Ingredients
- 1/3 cup flour
- 1 tsp paprika
- 1.5 lbs round steak, sliced into thin strips
- 4 tbsp butter
- 1 onion, chopped
- 1 garlic clove, minced (or a tablespoon of minced garlic from the can - it's easier)
- 8 oz white mushrooms
- 1 tbsp lemon juice
- 2 tbsp bourbon
- 3 tbsp tomato paste
- 1.5 cups sour cream
- salt and pepper
- 2 tbsp snipped fresh chives or snipped fresh scallions and some shaved Mahon (or similar) cheese, to garnish
- Put the four and paprika in a resealable plastic bag along with salt and pepper to taste. Shake to mix, then add a few steak strips at a time and shake to coat.

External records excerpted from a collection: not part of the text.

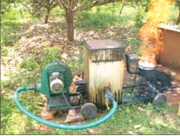
काजू छिलका खली आधारित ड्राफ्ट गैसिफर

10-12 कि.वा. की थर्मल आवश्यकता हेतु उपयोग के लिए उपयुक्त एक काजू छिलका केक आधारित ड्राफ्ट गैसिफर को विकसित किया गया। गैसीकरण को प्रभावित करने वाले विभिन्न प्राचलों का विश्लेषण किया गया तथा इससे बनी गैस की लौ का तापमान 487 0 से. देखा गया।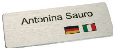
65 x 25 mm R2, Alu edelstahloptik gebürstet, Flaggen- und Namensdruck im Digitaldruck (ohne Weiß)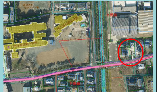
碑は南小の東にあります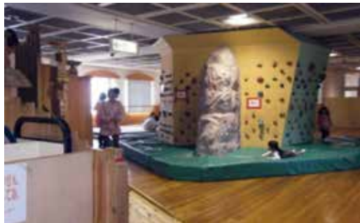
▲児童プラザラッコ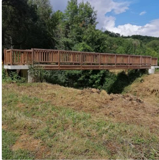
La balade de la semaine : le sentier pédagogique de la forêt domaniale Vic-Roquebrune (PR3)

Cette semaine, nous ne partons pas très loin de Vic puisque Cathy et Élodie nous font découvrir un sentier pédagogique récemment créé, le PR3 de la forêt domaniale Vic-Roquebrune .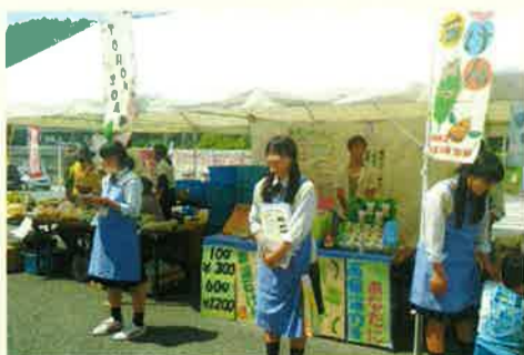
「ちょっと心配になって…」昨年販売した先輩も思わず様子を見に来てくれました。後輩の活躍を応援してくださいね。

今年のビジネス実習生は、今回の販売が初めて。石けんを販売するために、今年も工夫してきました。のぼりや、POP、販売価格やセツト名などを考えてきました。泡立てておいた石けんを手につけてもらって、感触を感じていただく手法は伝統的に引き継がれています。この日も小さなお子さんに、泡をさわってもらって手洗いを一緒にします。「ふわふわ」「すーい」子供たちが楽しそうに手洗いを体験しています。「きれいになったね♪」お姉さんがニコニコしていると子供たちも楽しそうで、つつい親御さんの財布のひもも緩む感じ。 (さすが！)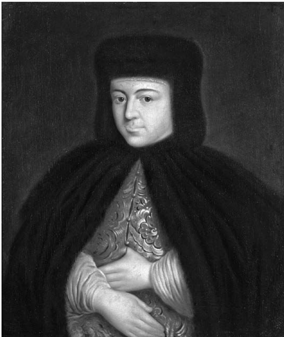
Неизвестный художник. Портрет царицы Натальи Кирилловны.

В 1702 г. государем был подписан манифест «О ввозе иностранцев в Россию с обещанием им свободы вероисповедания». Для царя, безразличного к тому, «крещен ли человек или обрезан», главными критериями являлись профессионализм и порядочность. На постоянное жительство стали прибывать иностранные специалисты различных профессий: горные и военные инженеры, врачи, ученые. Среди представителей высшего сословия вошло в моду и получило широкое развитие освоение западной культуры и наук. Иностранцев начинают привлекать также к обучению знати и государевых детей.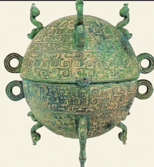
湖北省博物馆藏 嵌地几何云纹铜敦

被无量仙翁称作“阐教根基”的天元鼎,是玉虚宫里炼丹的重要法器,原来最开始出现的形态只是“冰山一角”,最终呈现的视觉效果极为震撼。无论是以哪种形态出现的大鼎,都极具商代青铜鼎的特色,而大鼎上的弧形纹饰则是饕餮纹。大鼎整体呈现出的浑圆造型,和古代名叫“敦”的青铜器如出一辙。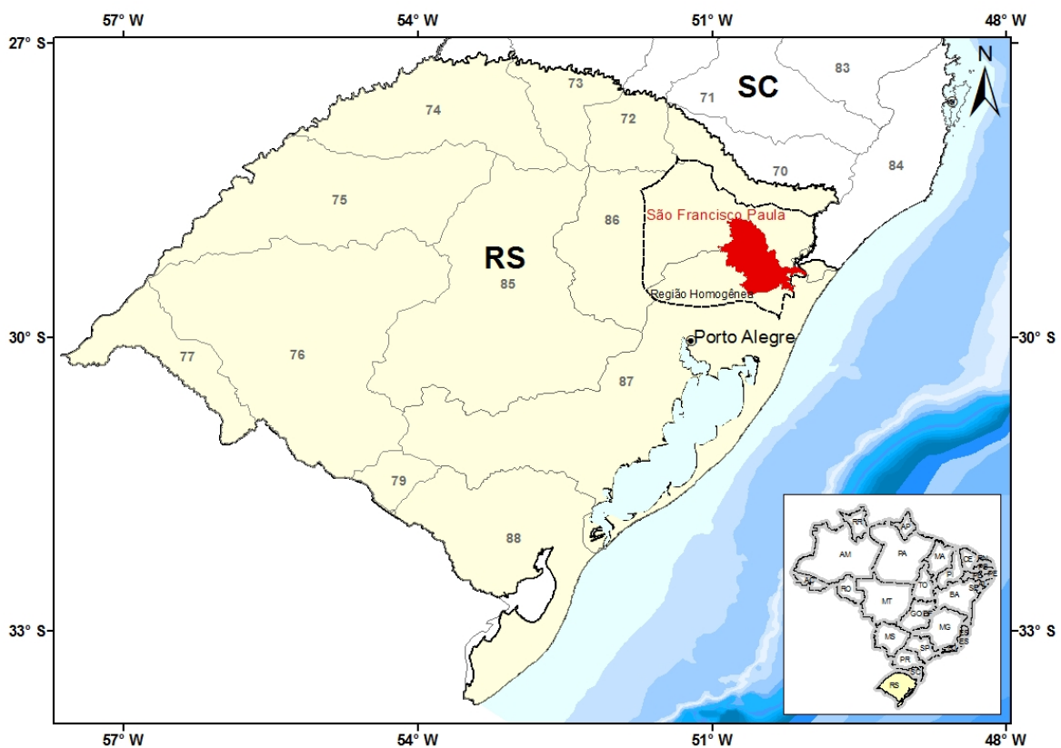
Figura 01 – Localização do Município e da Região Homogênea

A Figura 01 apresenta a localização do município de São Francisco de Paula e a delimitação da região homogênea, cuja equação subsidiou a elaboração da IDF do município de São Francisco de Paula.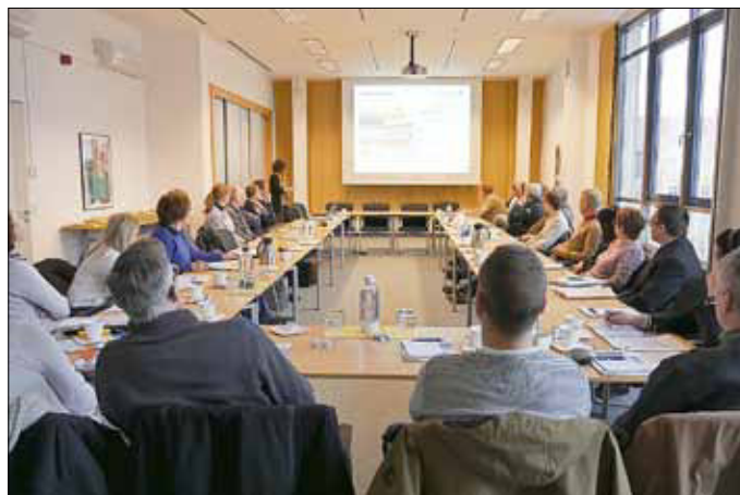
Die LWG hatte im März Landwirte und Behörden aus ihrem Versorgungsgebiet zu einer Informationsveranstaltung eingeladen.

Hinweise zu diesem Thema findet man jederzeit auch auf der LWG-Website www.lausitzer-wasser.de . Die Lage der Trinkwasserschutzgebiete können unter http://maps.brandenburg.de/apps/Wasserschutzgebiete oder auf den Geoportalen der Stadt Cottbus oder der Landkreise eingesehen werden.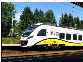
Trajno de Malsuprasileziaj Fervojoj.

Ni veturis el Brno trans Ústí nad Orlicí en lastan bohemian fervojan stacion Lichkov. Tie ni prenis polan trajnon kaj kontinuus en Vroclavo-n. Bedaŭrinde lokomotivo de pola trajno havis difekton, tial ni pli ol du horojn atendis novan trajnon. En Vroclavo ni trovis alian trajnon, kiu iris en Legnica-n. Kiam ni en Legnica trovis nian kongresejon, jam estis mallumo.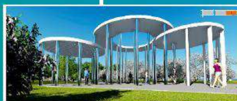
Объект озеленения по ул. Макаренко Мотовилихинский район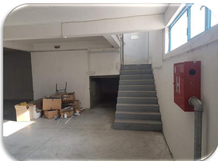
Слика 12: Поврзување на работната просторија 1 со задниот паркинг и тоалетите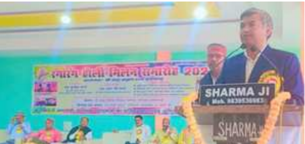
होली मिलन समारोह में बोलते मुख्य अतिथि।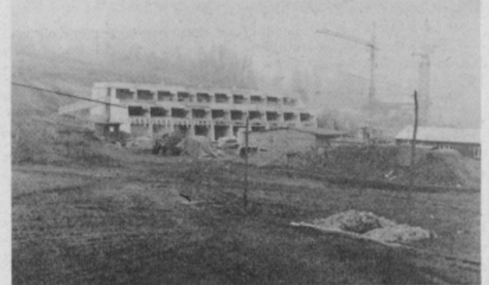
Motel v gradnji. Tudi po svoji posebni arhitekturi bo za marsikoga privlačen...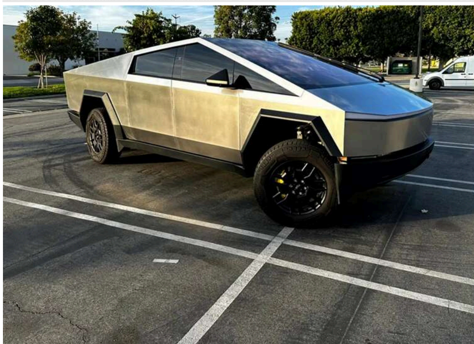
Не легковий автомобіль, а вантажівка: Суд оштрафував директора компанії на пів мільйона за неправильне розмитнення Tesla Cybertruck

Tesla Cybertruck – це не легковий автомобіль, а вантажівка: директора компанії оштрафували на 448 тисяч гривень за порушення митних правил.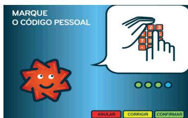
2. Marcar o Código Pessoal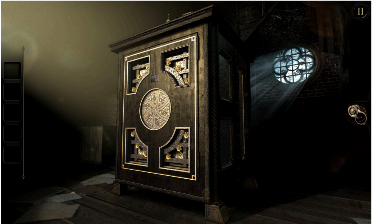
Eine Kiste – Unendliche Möglichkeiten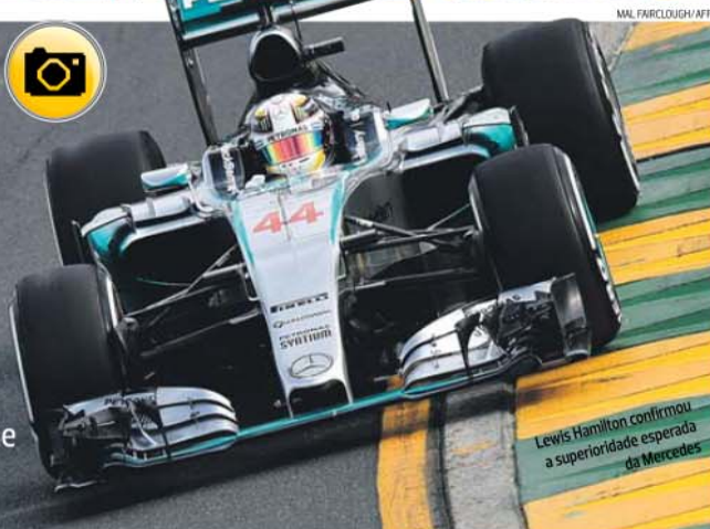
Lewis Hamilton confirmou a superioridade esperada da Mercedes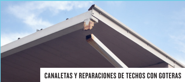
CANALETAS Y REPARACIONES DE TECHOS CON GOTERAS

PARA CONTINUAR A MEJORAR NUESTRAS ESCUELAS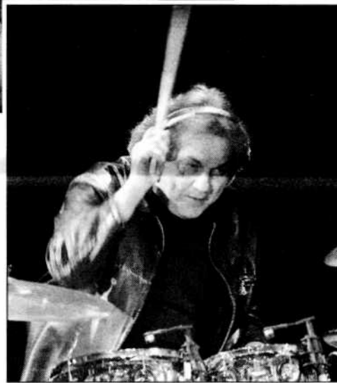
De Piscopo si esibirà live in piazza Matteotti

Ovviamente il calendario di eventi è ben più fitto e si sviluppa al di là dei tre atout della manifestazione.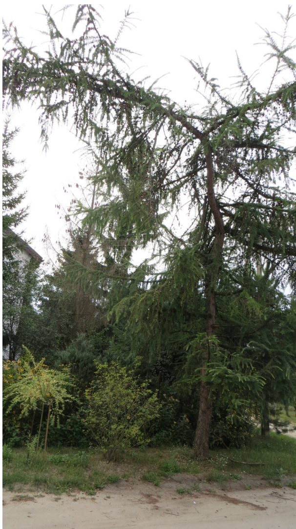
Fot. 18 od lewej: drzewo nr 28, krzew nr 29, drzewo nr 30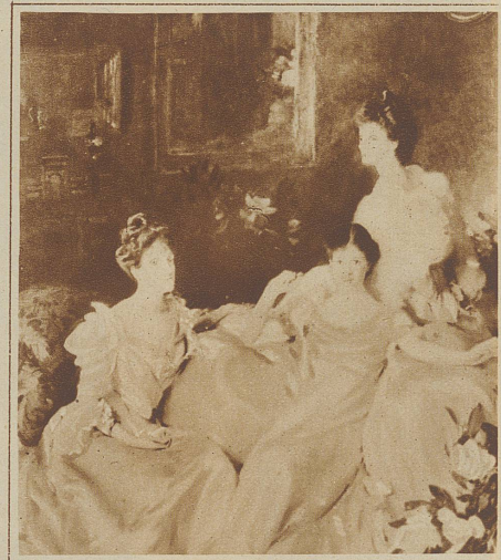
Die drei Frauen Gemälde von Sargent. Ein charakteristisches Bild für die hochbürgerliche Eleganz vom Anfang des Jahrhunderts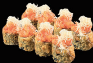
116. Hosomaki fritto con salmone € 6,00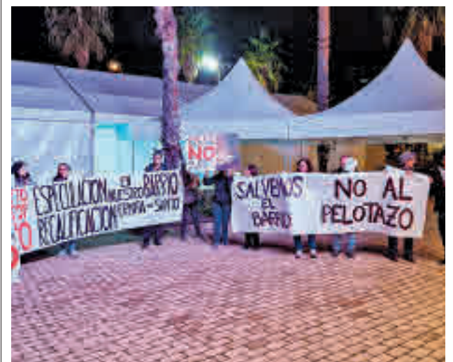
Varios residentes, a las puertas del Teatro Goya

gentedigital.es Toda la actualidad de los distritos de Madrid, en nuestra web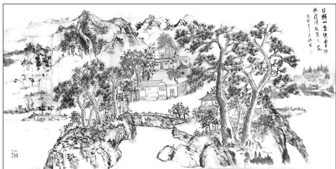
▲ 国画·日照山峦 山东滨州 王忠瑞 77岁

- Melt the butter in a large, heavy-bottom skillet over low heat. Add the onion and garlic and cook, stirring occasionally until softened. (About 5 minutes.)
- Increase the heat to high, add the steak strips, and cook, stirring constantly, until browned all over.
- Stir in the mushrooms, lemon juice, and bourbon, reduce the heat, and let simmer for 5 minutes.
- Stir in the tomato paste and sour cream and adjust any seasoning, if necessary. Garnish and serve immiately over pasta.
This recipe was adapted from a Beef Stroganoff recipe in The Cook's Companion, but I like mine better.